## Exercise brief
In your transcription, keep every record exact and leave out the pictures.

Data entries
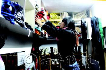 19日,萧何庄内一家演出策划公司的工作人员正在整理演出服装。据介绍,今年大部分企事业单位都放弃了办奢华年会,策划公司的订单也大幅减少。 本报记者 王小会 摄
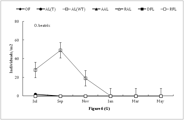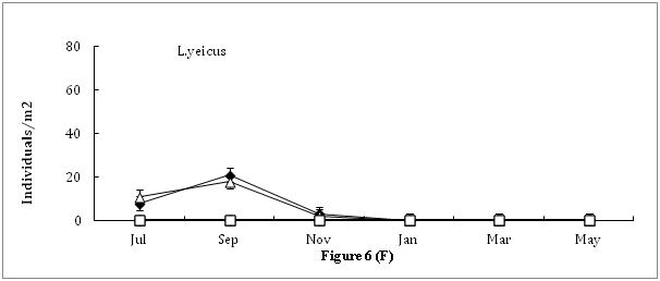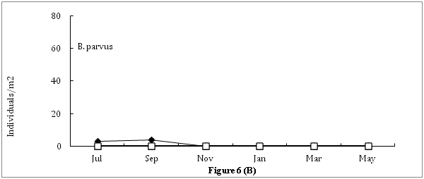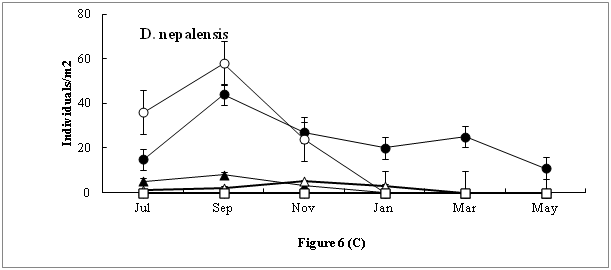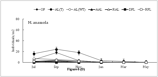Alexandri All the species showed significant seasonal variation. The density and biomass varied significantly seasonally in OF (F0.05,5,12= 124.6), AL(T) (F0.05,5,12= 133.8), AL(WT) (F0.05,5,12= 23.04) and RFL (F0.05,5,12= 8). It did not vary significantly in RAL and DFL. The species had significantly higher population density (q0.05,12,6= 7.54) and biomass (q0.05,12,6= 8) during Sep at all sites except in AL(WT)and where it had higher biomass (q0.05,12,6= 7.34) during July and in RFL where species showed a minor increase in population density during January. B. parvus was present only in the oak forest and did not show any significant variation seasonally in density as well as biomass values.
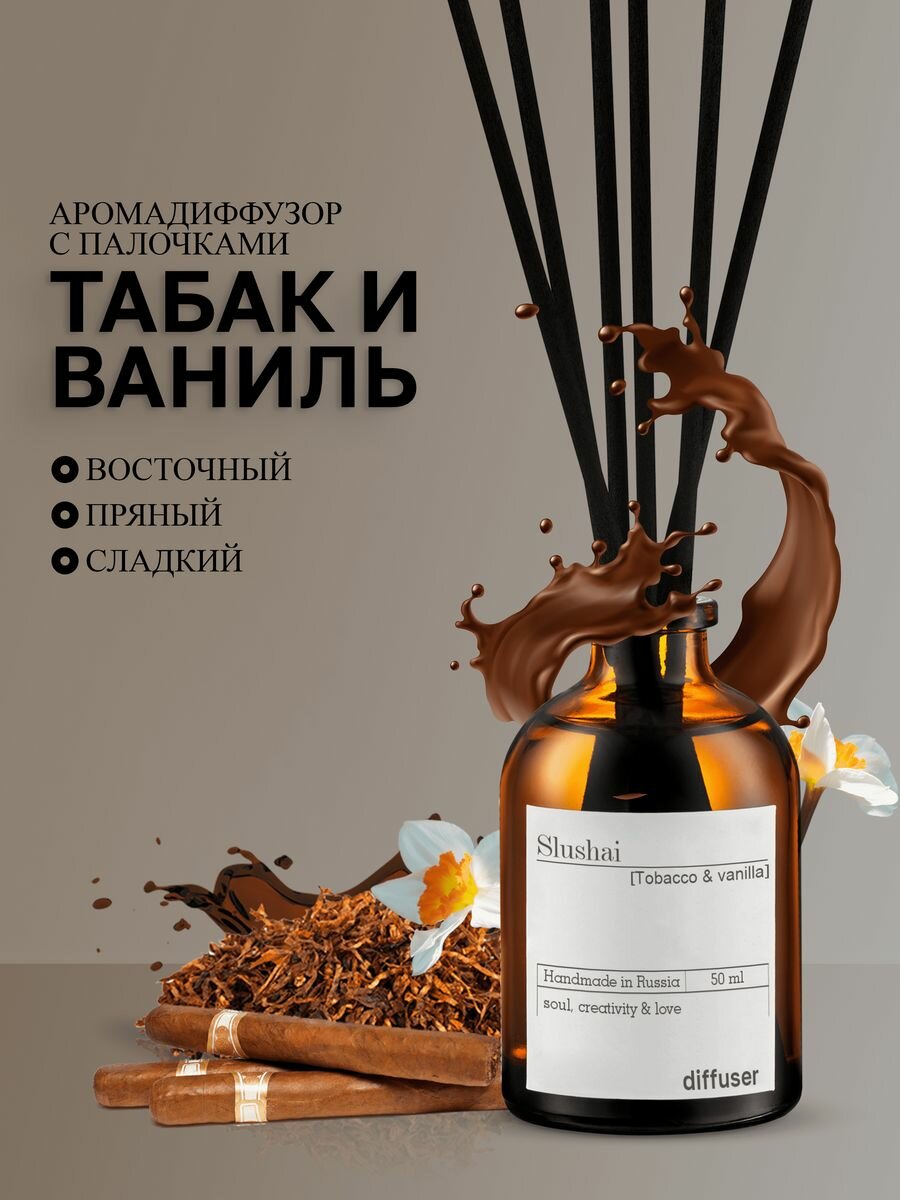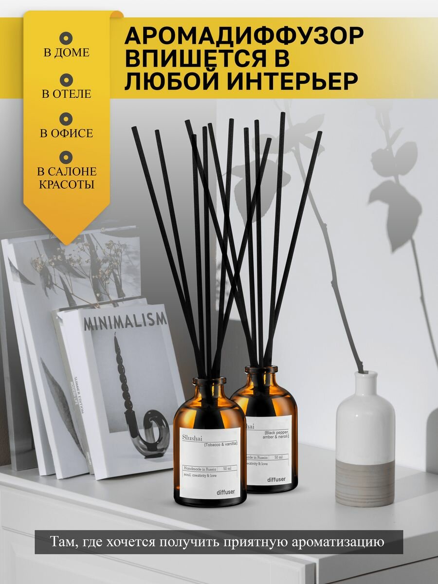 Набор ароматических диффузоров Slushai "Амбра и черный перец", "табак и ваниль"
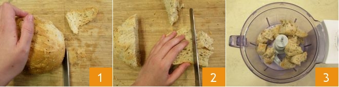 To prepare the pear and Goat Blue meatballs, start by taking the cereal loaf: remove the crust (40 g of crust will be needed later for breading, so keep it aside) 1; cut the crumb into pieces 2 and place it in a food processor 3
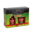 Bucurați-vă de atmosfera plăcută a casei sau a biroului dvs. cu parfumul clasic de măr și scorțișoară. Notele delicate de măr, împletite cu aromele intense ale scorțișoarei, aduc în casă un iz autentic de grădină de toamnă. Lumânarea oferă o lumină caldă și parfumată, iar odorizantul cu bețe completează perfect atmosfera, eliberând treptat aroma sa fermecătoare. Acest set este ideal pentru iubitorii de miresme plăcute și poate fi oferit cu încredere drept cadou celor dragi.
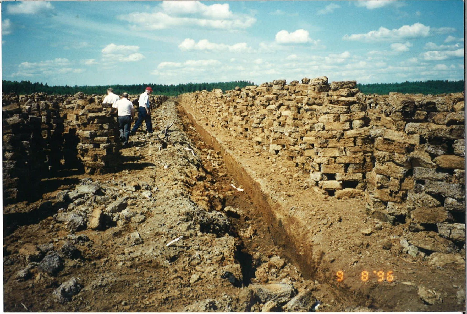 Grieztā kūdra sakrauta žāvēšanai figūrās
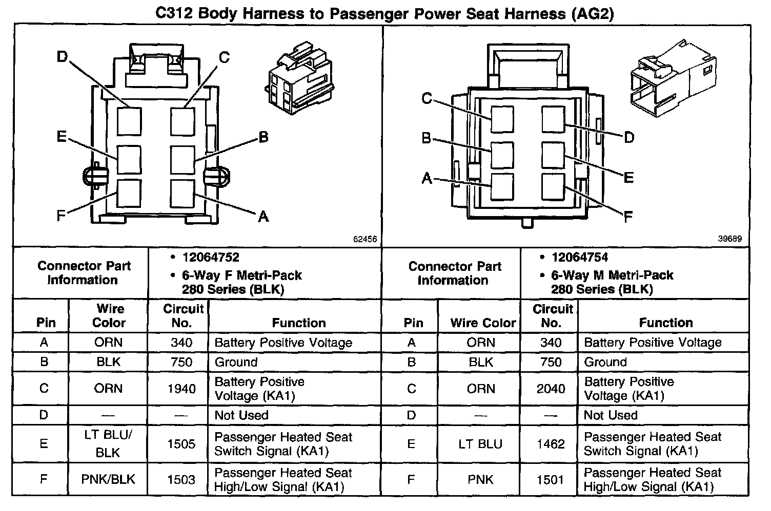 C312 Body Harness To Driver Power Seat Harness (With RPO Code AG2):
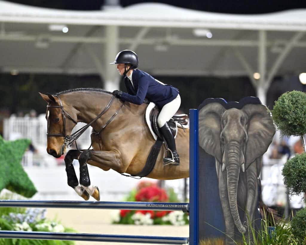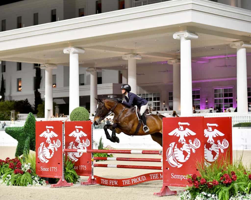 Ocala, FL – A beautiful, sun-soaked Florida day set the stage at World Equestrian Center – Ocala (WEC) as nearly 90 of the nation’s top junior athletes contested the 2026 WEC Premier Equitation Cup Championship, presented by the Marine Corps Heritage Foundation, sponsored by J.P.Morgan, and powered by Gary Yeomans Ford. The evening delivered a true championship atmosphere, highlighted by appearances from the Parris Island Marine Corps Band and Cpl. Opha Mae II, the official mascot of Marine Corps Recruit Depot Parris Island. The prestigious competition followed a traditional three-phase equitation format, with the possibility of a work-off.
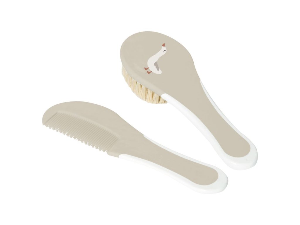 Praktická sada pre starostlivosť o vlásky novorodencov a bábätiek. Na rozdiel od iných kief vyrobených z tvrdého silónu, kefa od bébé-jou má mäkký prírodný vlas nedráždiaci jemnú pokožku detskej hlavičky. Hrebeň je ergonomicky tvarovaný a vďaka zaguľateným špičkám zubov nemôže poškriabať pri česaní. Ľahko sa udržuje v čistote umytím v teplej vode s trochou mydla.
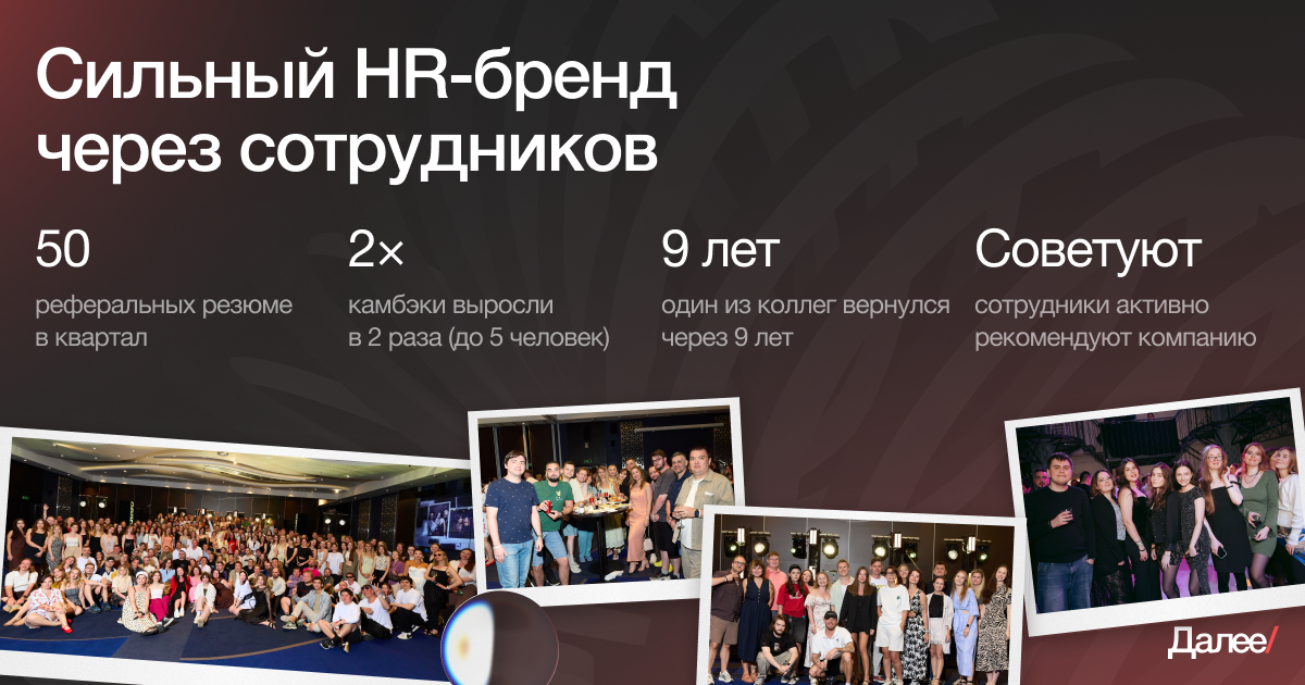 Рынок это видит: мы в топе рейтингов работодателей, каждый второй сотрудник — амбассадор, бывшие коллеги возвращаются спустя 9 лет, а реферальная программа приносит десятки резюме ежеквартально. Для нас HR — стратегический актив, чтобы создать компанию с неповторимой атмосферой.
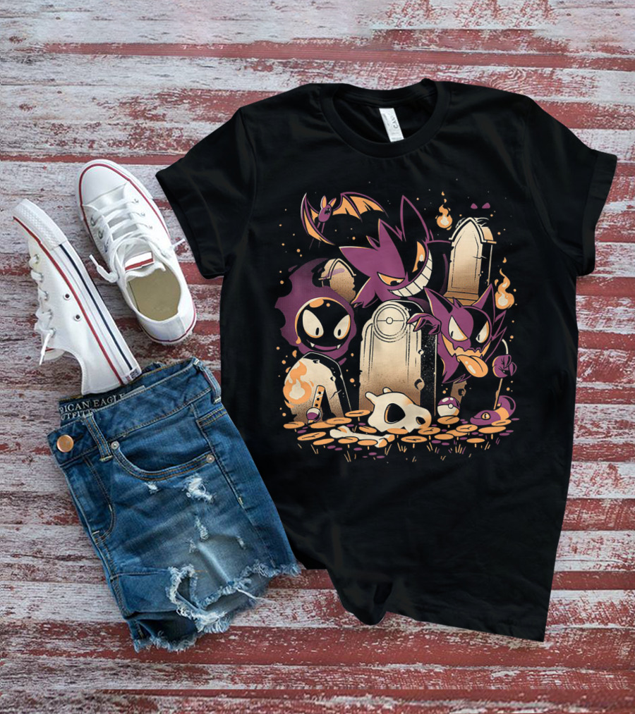 Pokemon Gastly Haunter Gengar Spooky Graveyard Scene With Fire And Skull T-Shirt
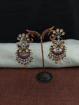 Make a statement with these Beautiful Peacock Design Monzonite Stone Silver Earrings in ruby and green color. The intricate peacock design and the combination of ruby and green monzonite stones make these earrings a unique and eye-catching addition to your jewelry collection.
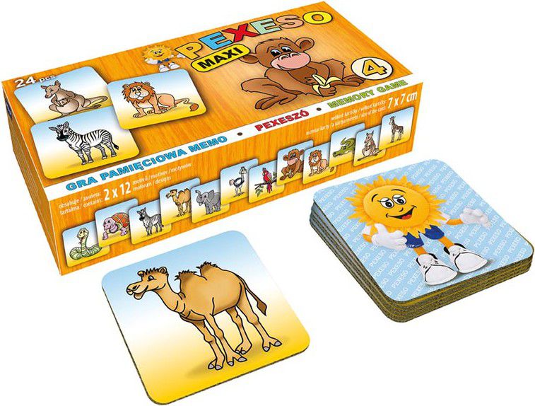 - Pexeso se skládá z 24 vyseklých kartiček pexesa (had, želva, zebra, velbloud, slon, pštros, papoušek, opice, lev, krokodýl, klokan, žirafa). Tloušťka kartonu je 3 mm, aby jej malé děti mohly lépe uchopit a otočit.

## Written answer
 19日,萧何庄内一家演出策划公司的工作人员正在整理演出服装。据介绍,今年大部分企事业单位都放弃了办奢华年会,策划公司的订单也大幅减少。 本报记者 王小会 摄
Alexandri All the species showed significant seasonal variation. The density and biomass varied significantly seasonally in OF (F0.05,5,12= 124.6), AL(T) (F0.05,5,12= 133.8), AL(WT) (F0.05,5,12= 23.04) and RFL (F0.05,5,12= 8). It did not vary significantly in RAL and DFL. The species had significantly higher population density (q0.05,12,6= 7.54) and biomass (q0.05,12,6= 8) during Sep at all sites except in AL(WT)and where it had higher biomass (q0.05,12,6= 7.34) during July and in RFL where species showed a minor increase in population density during January. B. parvus was present only in the oak forest and did not show any significant variation seasonally in density as well as biomass values.
 Набор ароматических диффузоров Slushai "Амбра и черный перец", "табак и ваниль"
 To prepare the pear and Goat Blue meatballs, start by taking the cereal loaf: remove the crust (40 g of crust will be needed later for breading, so keep it aside) 1; cut the crumb into pieces 2 and place it in a food processor 3
 Bucurați-vă de atmosfera plăcută a casei sau a biroului dvs. cu parfumul clasic de măr și scorțișoară. Notele delicate de măr, împletite cu aromele intense ale scorțișoarei, aduc în casă un iz autentic de grădină de toamnă. Lumânarea oferă o lumină caldă și parfumată, iar odorizantul cu bețe completează perfect atmosfera, eliberând treptat aroma sa fermecătoare. Acest set este ideal pentru iubitorii de miresme plăcute și poate fi oferit cu încredere drept cadou celor dragi.
 Grieztā kūdra sakrauta žāvēšanai figūrās
 C312 Body Harness To Driver Power Seat Harness (With RPO Code AG2):
 Ocala, FL – A beautiful, sun-soaked Florida day set the stage at World Equestrian Center – Ocala (WEC) as nearly 90 of the nation’s top junior athletes contested the 2026 WEC Premier Equitation Cup Championship, presented by the Marine Corps Heritage Foundation, sponsored by J.P.Morgan, and powered by Gary Yeomans Ford. The evening delivered a true championship atmosphere, highlighted by appearances from the Parris Island Marine Corps Band and Cpl. Opha Mae II, the official mascot of Marine Corps Recruit Depot Parris Island. The prestigious competition followed a traditional three-phase equitation format, with the possibility of a work-off.
 Praktická sada pre starostlivosť o vlásky novorodencov a bábätiek. Na rozdiel od iných kief vyrobených z tvrdého silónu, kefa od bébé-jou má mäkký prírodný vlas nedráždiaci jemnú pokožku detskej hlavičky. Hrebeň je ergonomicky tvarovaný a vďaka zaguľateným špičkám zubov nemôže poškriabať pri česaní. Ľahko sa udržuje v čistote umytím v teplej vode s trochou mydla.
 Рынок это видит: мы в топе рейтингов работодателей, каждый второй сотрудник — амбассадор, бывшие коллеги возвращаются спустя 9 лет, а реферальная программа приносит десятки резюме ежеквартально. Для нас HR — стратегический актив, чтобы создать компанию с неповторимой атмосферой.
 Pokemon Gastly Haunter Gengar Spooky Graveyard Scene With Fire And Skull T-Shirt
 Make a statement with these Beautiful Peacock Design Monzonite Stone Silver Earrings in ruby and green color. The intricate peacock design and the combination of ruby and green monzonite stones make these earrings a unique and eye-catching addition to your jewelry collection.
 - Pexeso se skládá z 24 vyseklých kartiček pexesa (had, želva, zebra, velbloud, slon, pštros, papoušek, opice, lev, krokodýl, klokan, žirafa). Tloušťka kartonu je 3 mm, aby jej malé děti mohly lépe uchopit a otočit.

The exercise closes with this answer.